**EXERCISE AIM**
The entries below are to be written out exactly, with no images included.

[Stored dataset items]
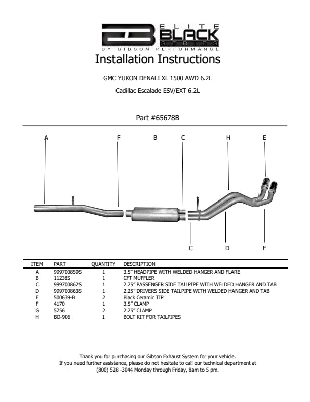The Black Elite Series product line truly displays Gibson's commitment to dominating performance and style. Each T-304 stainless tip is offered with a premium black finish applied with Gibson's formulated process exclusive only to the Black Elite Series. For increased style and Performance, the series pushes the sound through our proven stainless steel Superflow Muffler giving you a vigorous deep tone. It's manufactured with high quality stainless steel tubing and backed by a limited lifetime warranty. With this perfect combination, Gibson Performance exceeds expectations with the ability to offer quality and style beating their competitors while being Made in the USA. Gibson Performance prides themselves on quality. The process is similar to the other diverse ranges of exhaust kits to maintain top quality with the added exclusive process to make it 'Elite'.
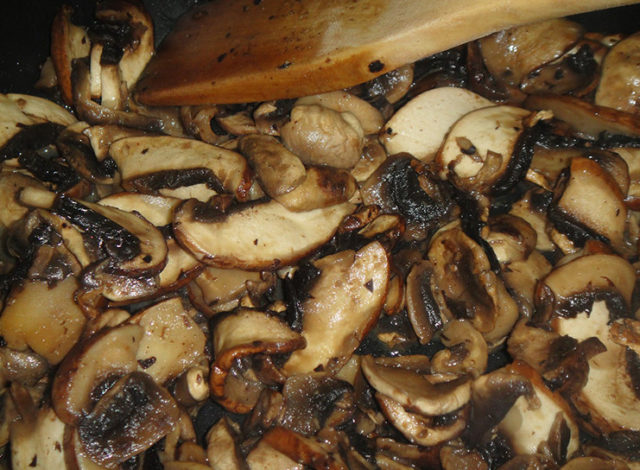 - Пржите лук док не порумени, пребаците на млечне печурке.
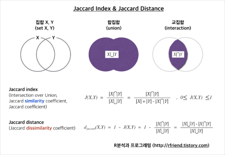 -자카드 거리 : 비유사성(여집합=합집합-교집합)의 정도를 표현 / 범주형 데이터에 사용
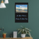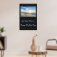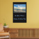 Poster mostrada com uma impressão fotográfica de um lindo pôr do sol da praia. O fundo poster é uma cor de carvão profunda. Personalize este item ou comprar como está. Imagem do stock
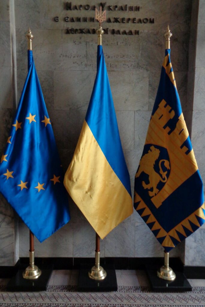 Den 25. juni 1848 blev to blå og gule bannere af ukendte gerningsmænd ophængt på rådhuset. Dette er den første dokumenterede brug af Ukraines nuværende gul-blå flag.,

**EXPECTED ANSWER**
The Black Elite Series product line truly displays Gibson's commitment to dominating performance and style. Each T-304 stainless tip is offered with a premium black finish applied with Gibson's formulated process exclusive only to the Black Elite Series. For increased style and Performance, the series pushes the sound through our proven stainless steel Superflow Muffler giving you a vigorous deep tone. It's manufactured with high quality stainless steel tubing and backed by a limited lifetime warranty. With this perfect combination, Gibson Performance exceeds expectations with the ability to offer quality and style beating their competitors while being Made in the USA. Gibson Performance prides themselves on quality. The process is similar to the other diverse ranges of exhaust kits to maintain top quality with the added exclusive process to make it 'Elite'.
 - Пржите лук док не порумени, пребаците на млечне печурке.
 -자카드 거리 : 비유사성(여집합=합집합-교집합)의 정도를 표현 / 범주형 데이터에 사용
 Poster mostrada com uma impressão fotográfica de um lindo pôr do sol da praia. O fundo poster é uma cor de carvão profunda. Personalize este item ou comprar como está. Imagem do stock
 Den 25. juni 1848 blev to blå og gule bannere af ukendte gerningsmænd ophængt på rådhuset. Dette er den første dokumenterede brug af Ukraines nuværende gul-blå flag.,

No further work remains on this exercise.